Flood simulations and forecasting in semiarid catchments are very difficult due to strong spatial variability of rainfall, complex landscape characteristics, etc. Although some hydrologists improve flood simulations and forecasting by improving hydrologic models, the improvements are always limited or are suitable for only specific regions (Collier, 2007). The flood peak is the most significant feature in semiarid regions. Determining the extent to which the calculation of flood peaks can be accepted is crucial. Generally, the absolute relative error is used to measure the calculation of flood peak accuracy; for example, 20 %, 30 % or similar values are acceptable (Li et al., 2014; McIntyre and Al-Qurashi, 2009). To provide more information for flood defense management, the generalized likelihood uncertainty estimation (GLUE) and the Bayesian framework with Markov chain Monte Carlo sampling are used to provide probabilistic forecasting, such as the 95 % uncertainty interval (Christiaens and Feyen, 2002; Li et al., 2017), although these methods may not lead to clear decisions (Beven, 2007).

In this study, to obtain a better diagnostic and discriminatory method for the decision maker, we propose a multicriteria assessment framework called the flood classification–reliability assessment (FCRA) in the catchments of the middle reaches of the Yellow River. The FCRA framework consists of two parts: (i) flood classification and (ii) flood reliability assessment. The first part represents floods that are classified with percentiles and the absolute relative error; the other represents the reliability of flood modeling that is evaluated with the Bayesian method. Peak flows, as the most prominent features of flood events, are assessed with the FCRA framework. Detailed descriptions can be found as follows.

- C1.
The absolute relative error of peak flow should be less than 20 %.

- C2.
The modeled and observed peak flows should be in the same flow zone: the observed peak flow

*Q*_{p}for all flood events in a catchment is divided into three zones (low-flow zone, medium-flow zone, high-flow zone), with 25th percentiles*Q*_{p25}and 75th percentiles*Q*_{p75}as the boundary points; if*Q*_{p}≤*Q*_{p25}, then the peak flow*Q*_{p}belongs to the low-flow zone; if*Q*_{p}≥*Q*_{p75}, then the peak flow*Q*_{p}belongs to the high-flow zone; the remaining flow peaks belong to the medium-flow zone. Both the 25th and 75th percentiles are commonly used to distinguish zones. - C3.
The observed peak flows should fall within 1 standard deviation (

*σ*) of the mean (approximately 68.3 % uncertainty interval) peak flow estimated by the hydrologic uncertainty processor (HUP), one component of the Bayesian forecasting system detailed in Krzysztofowicz (1999) and Biondi et al. (2010).

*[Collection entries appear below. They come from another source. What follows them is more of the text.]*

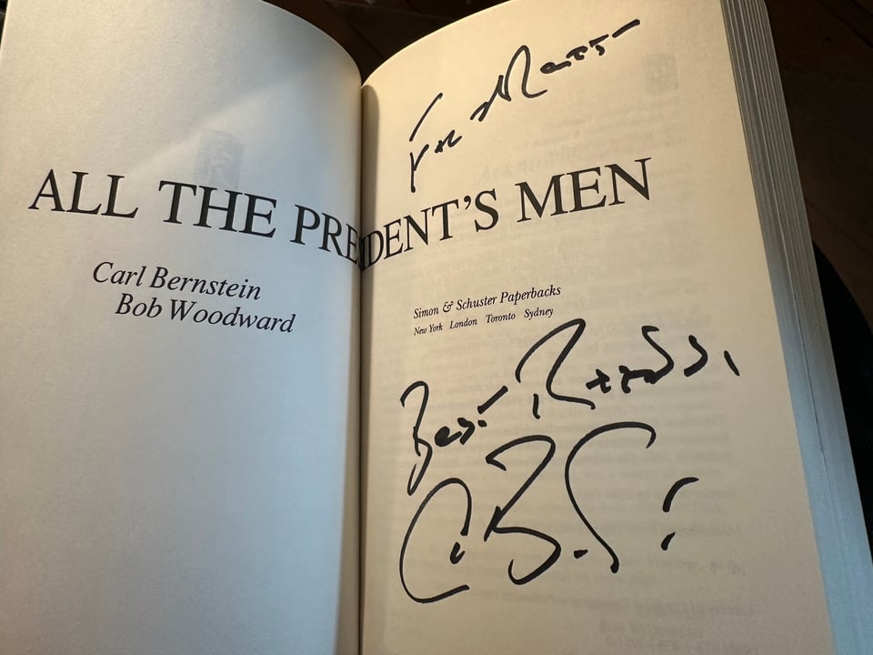 And then Carl Bernstein spoke. And he was cool. His speech was so good that I approached him afterward and asked if he had a copy he could send me (he said he only had his own notes.) Somehow I got to join the small meet-and-greet after, as well and got a signed copy of the book he and Woodward wrote called All the President’s Men. My kid would later read it as prep for a Model UN session, and now knows everything about Watergate.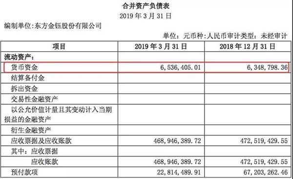 翻开今年一季度财报可以发现,东方金钰现在账上的现金只有653万元左右,而总负债高达94.51亿元,其中流动负债就有71.82亿元。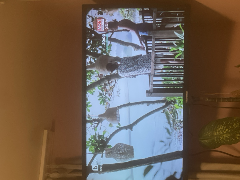 This image depicts an interior in Dragijevo, Bulgaria. A black flat-screen Telefunken television is mounted against a light orange-tan wall. Dark cables descend from behind the television. A large green houseplant with variegated leaves partially obscures the lower-left of the screen. A light-colored curtain or blind is visible in the upper-left of the room. The television displays an outdoor scene featuring a calm body of water in the background. Green foliage and tree branches with three suspended, woven, basket-like pendant lights frame the view. A wooden railing structure, possibly a deck or balcony, is visible on the right. Two individuals are on this structure: one person, seen from behind, wears a light-colored, patterned garment and faces the water; a second person, partially visible on the right, wears a dark top and faces the first individual. On-screen graphics include the "bTV" logo with "ПРЕМИЕРА" (PREMIERE) in the top-left, and the "MK1" logo with "МОЯТА КУХНЯ" (MY KITCHEN), "СЪБОТА И НЕДЕЛЯ" (SATURDAY AND SUNDAY), and "ПРЕДАВАНЕ" (BROADCAST) in the top-right. Timestamps "20:00" and "20:47" are also present on the screen.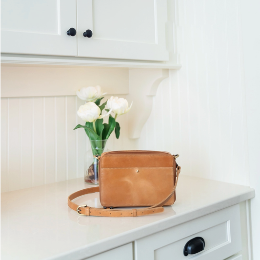 sold out. bummer!Camel Full Grain Leather Nomad Crossbody Bag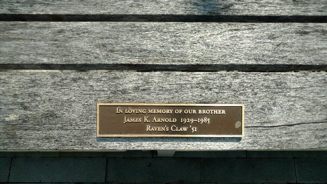 Located in front of the Kline Center, this bench plaque is in memory of James K. Arnold, former Raven's Claw member from the class of 1951. This is one of 7 benches remembering the 1951 Raven's Claw. |
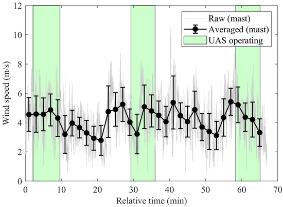 Time trace of wind speed measured on the fixed mast on 10 May 2021. The averaged mast data (thick black curve) is the average from a 2 min non-overlapping window. The error bars are equal to the standard deviation from the given window. Shaded green windows indicate the period of time when UAS data were acquired.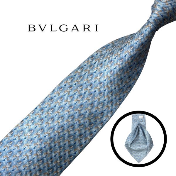 > ★セッテピエゲ★ハット柄★BVLGARI 高級ネクタイ スカイブルー系 総柄 イタリア シルク プレス済み USED t1374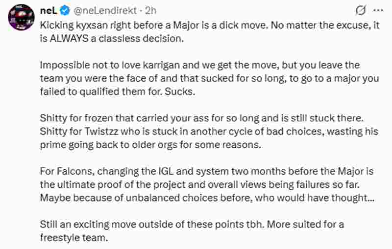 neL:“在Major之前踢掉kyxsan是一个非常混蛋的举动。不管什么借口,这永远都是一个没有风度的决定。不可能不喜欢karrigan,我们也理解这次转会,但你离开了那支你曾是门面担当、且沉沦了那么久的队伍,然后去参加一个你没能带他们打进的正赛。真让人难受。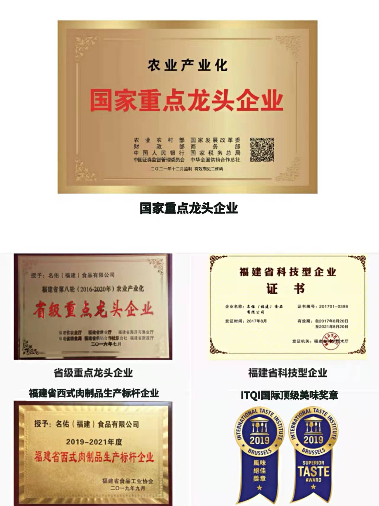 公司沿著“品牌化運作,職業化經營”戰略思想,在全體員工的共同努力下,“名佑”牌培根市場占有率不斷攀升,成為全國較大低溫西式肉制品培根制造商,不斷得到社會認可和政府支持。公司被授予“農業產業化國家級重點龍頭企業”、“全國模范職工之家”、“福建省民營企業黨建工作先進單位”“福建省守合同重信用企業”、“福建省科技小巨人領軍企業”、“福建省西式肉制品生產標桿企業”、“三明市十佳誠信用工企業”、“三元區納稅大戶”;公司“名佑”商標被評為“福建省著名商標”;公司經典培根被評為“福建省名牌產品”,榮獲《ITQI國際頂級美味獎章》,憑借著專業和美味受到了國內外餐飲行業的一致好評。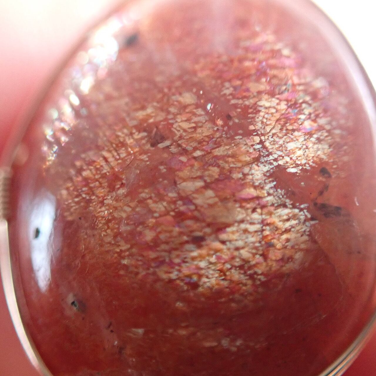 光が凝縮されているようなサンストーンです。キラキラと混ざり合う強い光が色んな輝きを見せてくれて楽しい気分になります。とっても綺麗です☆

Conditions C1 and C2 are flood classification criteria. If the observed and
modeled peak flows meet one of the two conditions, it is believed that they
are the same types of floods. The key of the FCRA framework is condition C2,
and condition C1 is used to avoid errors caused by flow zone boundaries. For
example, when *Q*_{p75}=200 m^{3} s^{−1}, the modeled peak flow equals 198 m^{3} s^{−1} and the observed peak flow equals 201 m^{3} s^{−1}. However, using only condition C2 may lead to inappropriate model results; adding condition C1 can help address the problem. Condition C3 is used to assess the reliability of peak flow modeling; a small uncertainty interval (68.3 %) is used that has narrow upper and lower limits. This interval may reduce the numbers of observed peak flows that fall within the confidence level. A modeled peak flow that can be accepted should satisfy condition C1 or condition C2 and then condition C3.

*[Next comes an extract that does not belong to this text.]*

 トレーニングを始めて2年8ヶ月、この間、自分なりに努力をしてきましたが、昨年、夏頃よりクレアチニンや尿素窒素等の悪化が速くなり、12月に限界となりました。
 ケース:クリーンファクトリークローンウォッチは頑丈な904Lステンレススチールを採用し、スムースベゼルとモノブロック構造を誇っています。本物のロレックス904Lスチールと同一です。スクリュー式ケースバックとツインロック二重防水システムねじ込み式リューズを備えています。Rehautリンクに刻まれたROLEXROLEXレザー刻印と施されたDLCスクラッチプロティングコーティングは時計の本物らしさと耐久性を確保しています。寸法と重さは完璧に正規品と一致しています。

## 3.6 Parameter sensitivity analysis

A sensitivity analysis (SA) (Saltelli et al., 1989) was proposed to assess the effects of inputs on the model output. The SA can be classified into a GSA and local sensitivity analysis (LSA). Compared with the LSA, the GSA is capable of analyzing the effects of inputs within the entire input domain. The Fourier amplitude sensitivity test (Cukier et al., 1973), Sobol method (Sobol, 1993) and Morris screening method (Morris, 1991) are the most widely used GSA methods in the assessment of parameter sensitivity in hydrologic models. Pianosi and Wagener (2015) proposed the novel GSA method PAWN, which is based on the cumulative density function. PAWN has advantages over the parameter ranking and time-consuming nature of other GSA methods (Khorashadi et al., 2017). In this study, we used the PAWN method to perform a GSA on the VMM.

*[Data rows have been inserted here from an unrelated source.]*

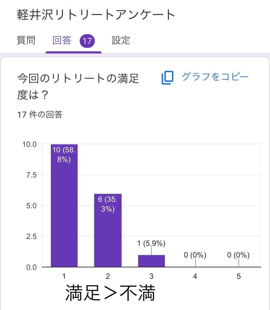 今回のリトリートご参加いただいたみなさんに、匿名でアンケートにご協力いただきました。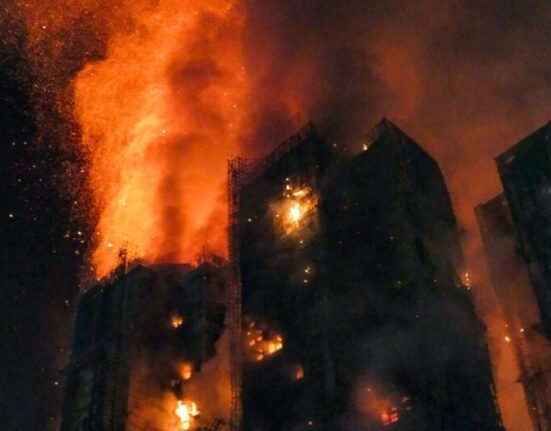 HINDI bababa sa apat ang patay habang ilan pang indibidwal ang na-trap kasunod ng malaking sunog.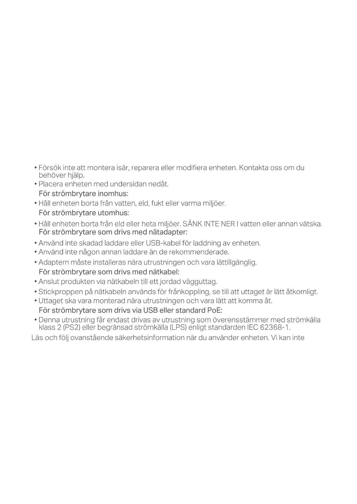 - Denna utrustning får endast drivas av utrustning som överensstämmer med strömkälla klass 2 (PS2) eller begränsad strömkälla (LPS) enligt standarden IEC 62368-1. Läs och följ ovanstående säkerhetsinformation när du använder enheten. Vi kan integarantera att inga olyckor eller skador kan inträffa till följd av felaktig användning av produkten. Använd den här produkten med omsorg och på eget ansvar. TP-Link begränsad produktgaranti Enbart för produkter av märket TP-Link. För information om garantitid, policy och förfaranden, gå till https://www.tp-link.com/en/support DEN HÄR GARANTIN GER DIG SPECIFIKA FORMELLA RÄTTIGHETER OCH DU KAN HA ANDRA RÄTTIGHETER SOM VARIERAR FRÅN LAND TILL LAND (ELLER STAT ELLER PROVINS). I DEN OMFATTNING SOM LOKALA LAGAR TILLÅTER ÄR DENNA GARANTI OCH GOTTGÖRANDEN EXKLUSIVA OCH I STÄLLET FÖR ALLA ANDRA GARANTIER, GOTTGÖRANDEN OCH VILLKOR. TP-Link garanterar maskinvara av märket TP-Link i sin originalförpackning mot defekter i material eller sammansättning vid normal användning enligt TP-Links riktlinjer och under en period beroende på lokal underhållsservice baserat från ursprungliga inköpsdatumet för slutanvändaren. Norsk Sikkerhetsinformasjon

Considering *x*_{i,j} (*i**j*=1, 2, …, where *i* and *j* represent the *i*th input parameters and the *j*th sampling, respectively) as sensitivity inputs, then the sensitivity of *x*_{i,j} can be measured by the distance between ${F}_{\left({y}_{i}\mathrm{|}{x}_{i,j}\right)}\left({y}_{i}\right)$ (the cumulative probability distribution function of *y*_{i} when *x*_{i,j} changes between the upper bound and lower bound) and ${F}_{{y}_{i}}\left({y}_{i}\right)$ (the cumulative probability distribution function of *y*_{i} when ${x}_{i}=\frac{\mathrm{1}}{n}\sum _{j=\mathrm{1}}^{n}{x}_{i,j}$, where *n* is the number of samplings per input parameter). The Kolmogorov–Smirnov statistic
(Simard and Ecuyer, 2011) is used to measure the distance between ${F}_{\left({y}_{i}\mathrm{|}{x}_{i}\right)}\left({y}_{i}\right)$ and ${F}_{{y}_{i}}\left({y}_{i}\right)$:

As *KS* varies with *x*_{i,j}, the maximum of all possible *KS* values is included in the PAWN index *P*_{i}:

*P*_{i} ranges from 0 to 1 and *x*_{i} becomes more sensitive as *P*_{i} approaches 1. A *P*_{i} value equal to 1 indicates that *x*_{i} has no effect on the model. For more information about PAWN, please refer to Pianosi and Wagener (2015). In this study, the number of evaluations was set to 500, as suggested by Pianosi and Wagener (2018).

## 3.7 Model validation

The modeling period was between 1983 and 2009. In the Qiushui River, 20 flood events were selected, with the first 15 events used for calibration and the remaining five events used for validation. Similarly, in the Qingjian River, 29 flood events were selected, with 24 events used for calibration and the remaining five events used for validation. In the Tuwei River, 23 flood events were selected, with 18 events used for calibration and the remaining five events used for validation. Finally, in the Kuye River, 28 flood events were selected, with 23 events used for calibration and the remaining five events used for validation.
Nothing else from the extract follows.